С такой культовой фигурой, как Нортон, всегда будет существовать некоторая размытость между фактом и вымыслом. Марк Твен, который также жил в Сан-Франциско во время правления императора, смоделировал с него характер короля в «Приключениях Гекльберри Финна», а Роберт Льюис Стивенсон также упоминал Нортона в своем романе «Вредитель». За прошедшие годы вышло несколько телевизионных экранизаций его жизни, несколько письменных биографий Аллена Стэнли Лейна и Уильяма Друри, и по крайней мере три организации — Древний и почетный орден E Clampus Vitus (исторический питейный клуб), Имперский совет Сан-Франциско (который ежегодно избирает императора и императрицу) и сатирическая религия дискордианства — признали императора своим святым покровителем. Как писал Джоэл Газис-Сакс в своем эссе 1997 года «Безумие Джошуа Нортона»: «Большинство из тех, кто помнит и любит Императора после его смерти, любят миф». С этой целью Lumea потратила последние 12 лет на попытки отделить человека от мифа, и оцифровка многих исторических газет значительно помогла в этом отношении.

Некоторые из самых известных «прокламаций» Нортона — например, та, в которой он запретил людям называть его приемный дом «Фриско» (прозвище города, которое может быть игрой слов «frisk» как «танец» и которое было замечено в печати с 1850 года) — скорее всего, являются подделкой. Некоторые из них могли быть созданы владельцами газет в поисках читателей или для продвижения своих политических интересов. Например, в 1869 году газета The Oakland Daily News высмеяла Сан-Франциско, опубликовав явно фальшивую прокламацию, в которой император призывал к невозможному мосту. Император часто выпускал контрпрокламации, оскорбляясь такими фальшивыми прокламациями, и он принимал меры для противодействия дезинформации, например, когда он назначил газету The Pacific Appeal, основанную афроамериканским борцом за гражданские права и борцом с рабством Филиппом Александром Беллом, своим новым «имперским органом», написав в декабре 1870 года, что «мы… настоящим назначаем Pacific Appeal нашим указанным органом, условно, что они не предатели и верны нашим цветам».

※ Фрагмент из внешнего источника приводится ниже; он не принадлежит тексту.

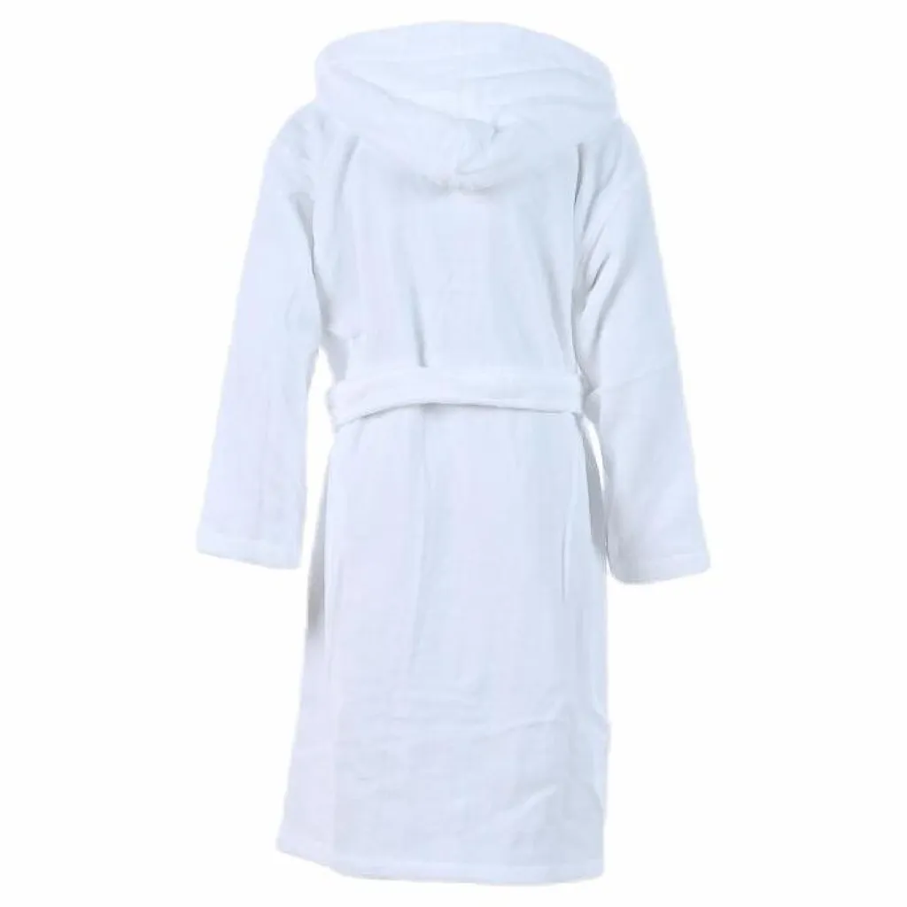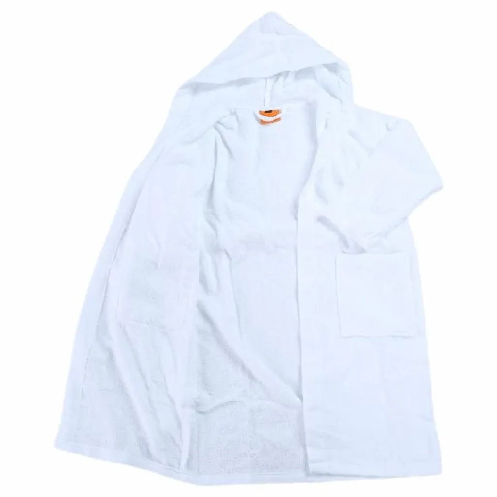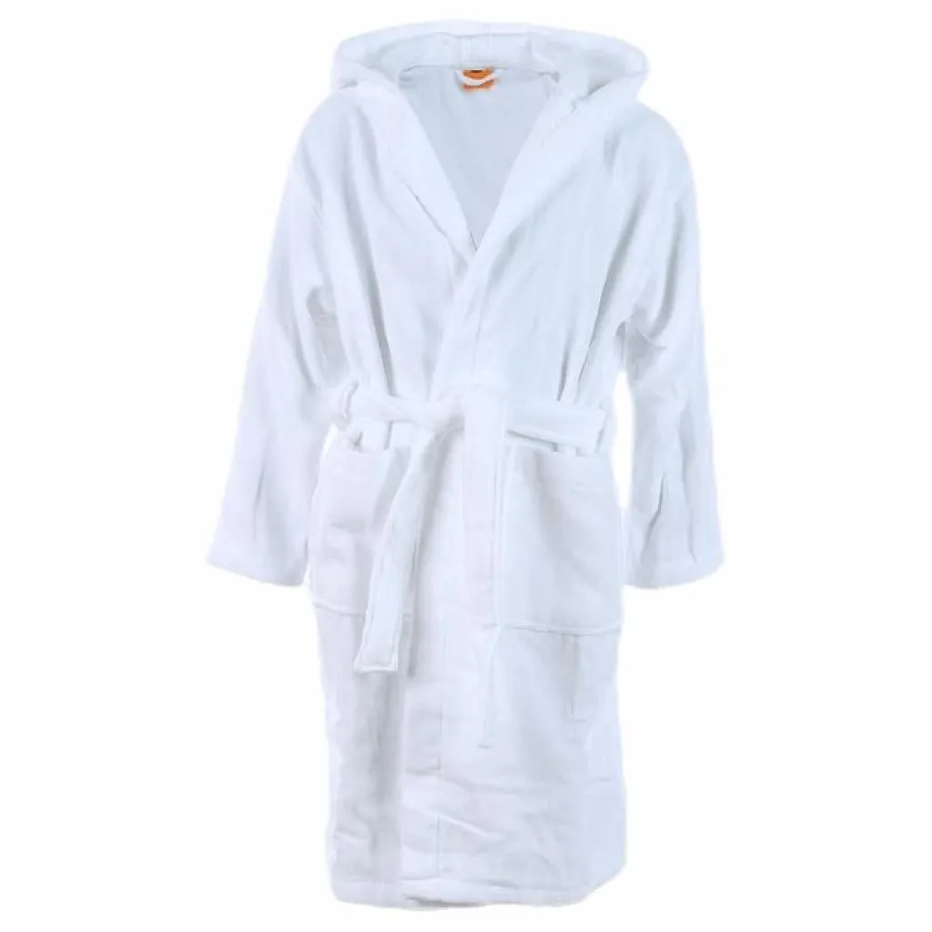 Badrock med huva och fickor på sidorna tillverkad i bomull som är mjuk och har en god absorberingsförmåga. Knytband i midjan. 100% bomull.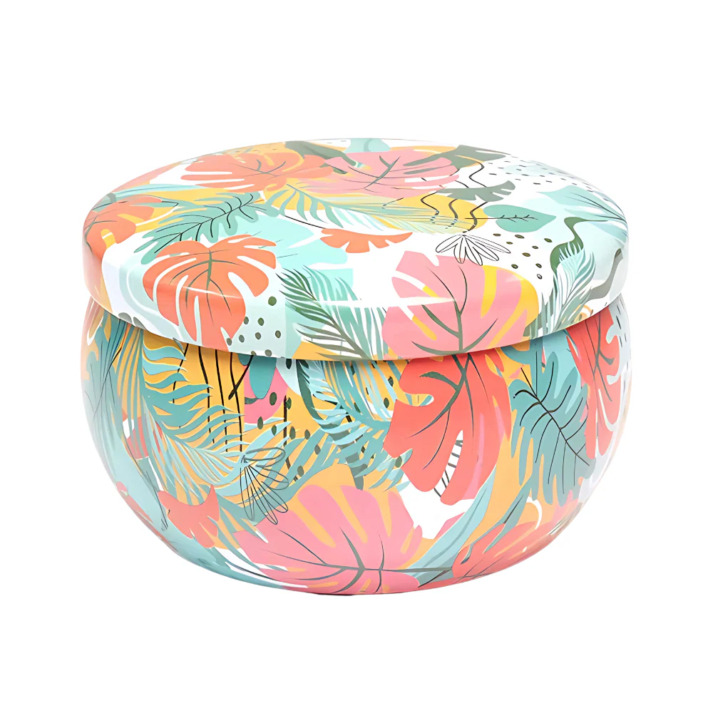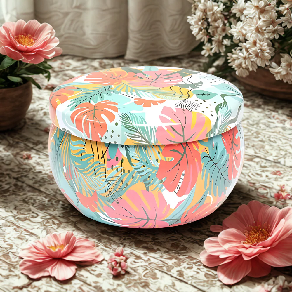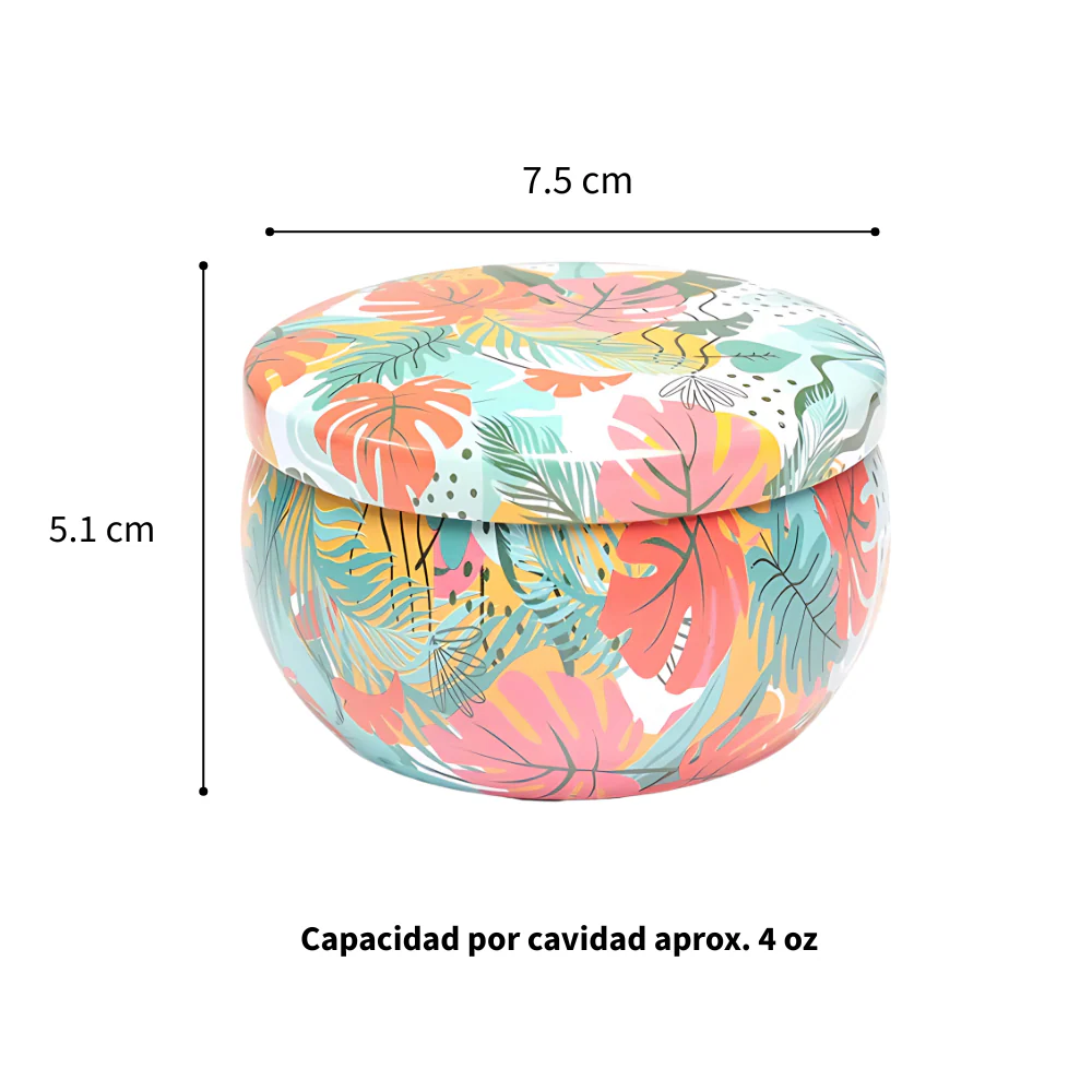 Lata de aluminio con capacidad de 4 oz. Lata con detalles veraniegos, con sus detalles florales de monstera y helechos con tonalidades naranjas y verdes que te harán sentir en la playa.
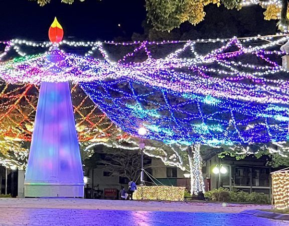 ★約10万球 ★西条中央公園 ★冬の風物詩となった東広島のイルミネーション。今年はLEDを8万球から10万球にアップしています。12月13日(土)・20日(日)17:00~「あったかゴチうどんプロジェクト」を実施。大人は500円~、子どもと学生は無料で、うどんを食べられるプロジェクトです。両日とも16:00から「クリスマスマーケット」も開催されます。障害者施設の人、ママさん作家、留学生などと協働し、食品や雑貨を含むお店を多数出店して盛り上げ、誰もが楽しめるマーケットを目指しているそう。 ★日時/~2026年1月12日(日)17:00~21:00 ★場所/西条中央公園 (東広島市西条栄町1214-45) ★問い合わせ/TEL:082(431)3780 東広島ロータリークラブ

Император Нортон был провидцем, говорит Ганал. Он также был одним из первых медиазнаменитостей. «За полтора столетия до того, как мы услышали имя Кардашьян, выходки императора были отличным материалом для копирования, и его преследовали десятки газет, которые называли Сан-Франциско домом после золотой лихорадки. То, что они не наблюдали напрямую, они выдумали в самой настоящей «первой фазе» фейковых новостей. «К моменту его смерти на пике его «правления» Сан-Франциско был обозначен на карте как место, где приветствовались сумасшедшие и мечтатели, все, кто выходил за рамки привычного. И таковым он остается и по сей день». Император Нортон всегда был местным героем, но спустя 150 лет после своей смерти он остается известным и любимым во всем районе залива, говорит Люмеа. «Его считают предвестником ценностей Сан-Франциско, идентифицирующим себя с теми, кто находится на обочине, и борющимся за простых людей. Тот факт, что он делал это из-за пределов власти, делает это еще более трогательным».